* Exercise directions: Using the listing below, retype exactly the lines starting at the one with "能够同时支持在网页端、WPS 客户端和 Office" and ending at the one with "刀片厚度0.3mm(钢刮刀片)、7mm(胶刮刀片)", and include both.

* Data for analysis:
⁂

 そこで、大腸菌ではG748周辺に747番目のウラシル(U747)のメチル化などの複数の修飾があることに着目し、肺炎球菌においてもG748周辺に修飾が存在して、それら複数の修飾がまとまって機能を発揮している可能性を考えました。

⁂

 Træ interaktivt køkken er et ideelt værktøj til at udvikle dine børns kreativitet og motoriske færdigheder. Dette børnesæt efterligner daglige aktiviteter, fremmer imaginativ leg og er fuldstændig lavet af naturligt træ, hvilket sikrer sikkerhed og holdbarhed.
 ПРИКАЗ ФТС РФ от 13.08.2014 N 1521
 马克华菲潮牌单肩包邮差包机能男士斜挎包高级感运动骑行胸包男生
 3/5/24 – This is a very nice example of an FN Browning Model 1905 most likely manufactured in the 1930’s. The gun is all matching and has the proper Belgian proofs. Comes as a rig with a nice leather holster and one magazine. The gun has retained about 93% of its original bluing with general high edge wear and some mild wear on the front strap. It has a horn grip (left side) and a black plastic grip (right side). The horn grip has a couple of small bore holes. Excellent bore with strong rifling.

⁂

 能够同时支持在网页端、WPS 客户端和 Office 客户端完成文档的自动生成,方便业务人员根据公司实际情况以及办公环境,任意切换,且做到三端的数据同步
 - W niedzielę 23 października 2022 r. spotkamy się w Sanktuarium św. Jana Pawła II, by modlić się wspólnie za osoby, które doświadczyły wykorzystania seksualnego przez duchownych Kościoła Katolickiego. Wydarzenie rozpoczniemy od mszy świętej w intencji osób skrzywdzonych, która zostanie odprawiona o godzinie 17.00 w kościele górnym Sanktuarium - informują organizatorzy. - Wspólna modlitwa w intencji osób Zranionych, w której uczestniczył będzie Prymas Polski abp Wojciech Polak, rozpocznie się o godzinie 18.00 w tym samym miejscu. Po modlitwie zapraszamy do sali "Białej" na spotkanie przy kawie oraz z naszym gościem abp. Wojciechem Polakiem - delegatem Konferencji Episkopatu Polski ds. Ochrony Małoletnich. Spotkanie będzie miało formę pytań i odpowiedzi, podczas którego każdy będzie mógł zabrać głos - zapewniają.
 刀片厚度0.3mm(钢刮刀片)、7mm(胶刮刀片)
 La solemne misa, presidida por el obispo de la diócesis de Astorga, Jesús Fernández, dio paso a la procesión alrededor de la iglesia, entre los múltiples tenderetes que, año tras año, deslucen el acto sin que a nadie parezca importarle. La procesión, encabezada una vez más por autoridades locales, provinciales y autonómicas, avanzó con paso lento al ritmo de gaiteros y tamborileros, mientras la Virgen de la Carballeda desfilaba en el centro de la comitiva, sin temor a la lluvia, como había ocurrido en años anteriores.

⁂

* Response to the exercise:
 能够同时支持在网页端、WPS 客户端和 Office 客户端完成文档的自动生成,方便业务人员根据公司实际情况以及办公环境,任意切换,且做到三端的数据同步
 - W niedzielę 23 października 2022 r. spotkamy się w Sanktuarium św. Jana Pawła II, by modlić się wspólnie za osoby, które doświadczyły wykorzystania seksualnego przez duchownych Kościoła Katolickiego. Wydarzenie rozpoczniemy od mszy świętej w intencji osób skrzywdzonych, która zostanie odprawiona o godzinie 17.00 w kościele górnym Sanktuarium - informują organizatorzy. - Wspólna modlitwa w intencji osób Zranionych, w której uczestniczył będzie Prymas Polski abp Wojciech Polak, rozpocznie się o godzinie 18.00 w tym samym miejscu. Po modlitwie zapraszamy do sali "Białej" na spotkanie przy kawie oraz z naszym gościem abp. Wojciechem Polakiem - delegatem Konferencji Episkopatu Polski ds. Ochrony Małoletnich. Spotkanie będzie miało formę pytań i odpowiedzi, podczas którego każdy będzie mógł zabrać głos - zapewniają.
 刀片厚度0.3mm(钢刮刀片)、7mm(胶刮刀片)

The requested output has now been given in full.